A study involving 36 patients investigated the effect of transligamentous extension through the posterior longitudinal ligament (PLL) of herniated discs on disc regression. All patients had symptomatic lumbar disc herniations and received conservative treatment. Patients were divided into three groups based on herniation type (subligamentous, transligamentous, or sequestered), and clinical outcomes and magnetic resonance images (MRI) were analyzed. Results showed that:

* Twenty-five of the 36 herniated discs decreased in size following transligamentous extension.

* Ten of 18 subligamentous herniations, 11 of 14 transligamentous herniations, and all four sequestered herniations were also reduced in size.

* Average decreases in herniation ratio were 17% (subligamentous); 48% (transligamentous); and 82% (sequestered).

* Decrease in herniation ratio was related to transligamentous extension but not initial size of the herniation.

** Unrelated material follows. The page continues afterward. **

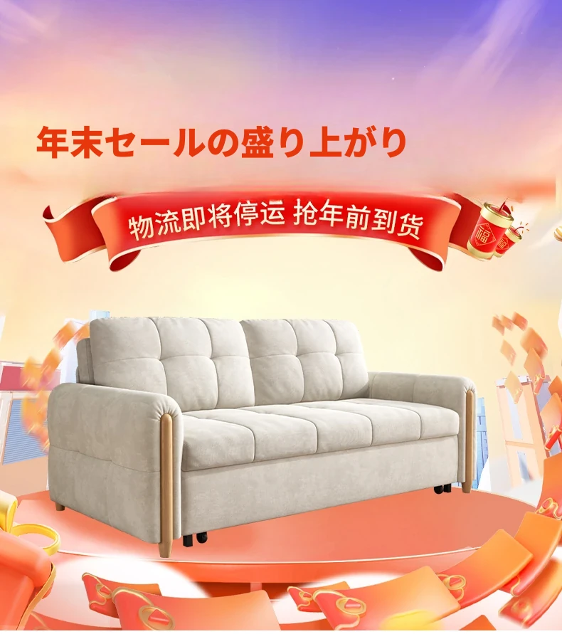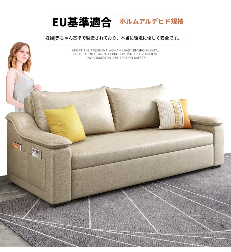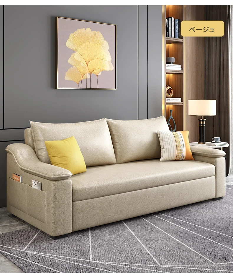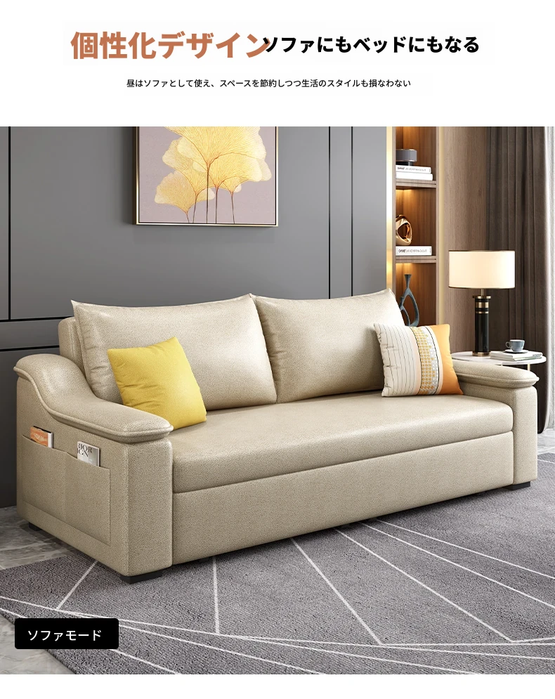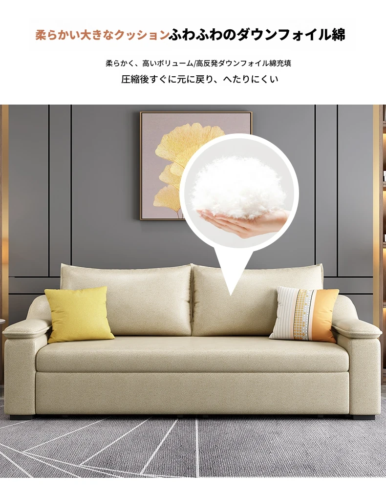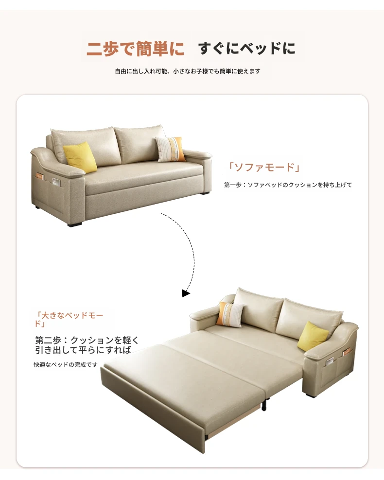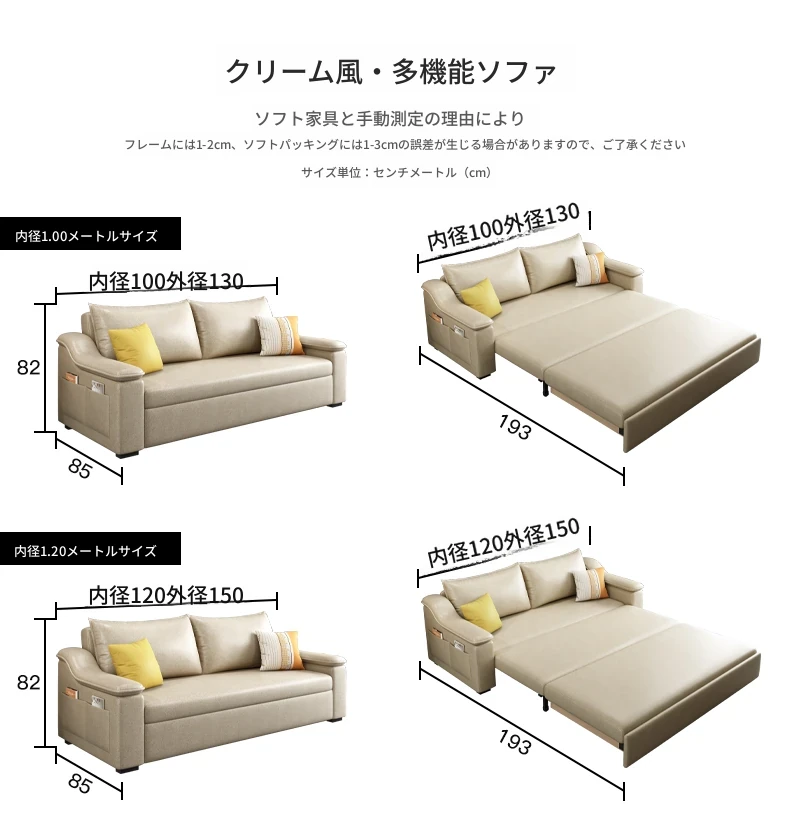 ケイモンハウ創造のファブリックソファベッド - クリーム風、新作2025年発表!2WAY伸縮式で、コンパクトアパートにもぴったりの折りたたみダブルベッド。快適さとスタイルを手に入れよう!

These results suggest that trans-ligamentous extension of herniated disc materials through the ruptured posterior longitudinal ligament is an important factor in size reduction, more important than the initial size of the herniation. It is thought that the resorption of herniated disc material is caused by phagocytosis from the vascular supply in epidural fat tissues through the ruptured PLL, whereas in the absence of a PLL rupture, resorption would be reduced. The authors also note that 20% regression of the herniation appears necessary for successful clinical outcome.

Note: As greater research is produced pertaining to disc injuries, our understanding of the pathophysiology of these disorders increases. Reading this study is a great way to update your knowledge about herniated lumbar discs, focusing more on the body's response through inflammatory mediation and less so on mechanical compression.

Ahn SH, Ahn MW, Byun WM. Effect of the transligamentous extension of lumbar disc herniations on their regression and the clinical outcome of sciatica. Spine, Feb. 15, 2000:25(4), pp475-80.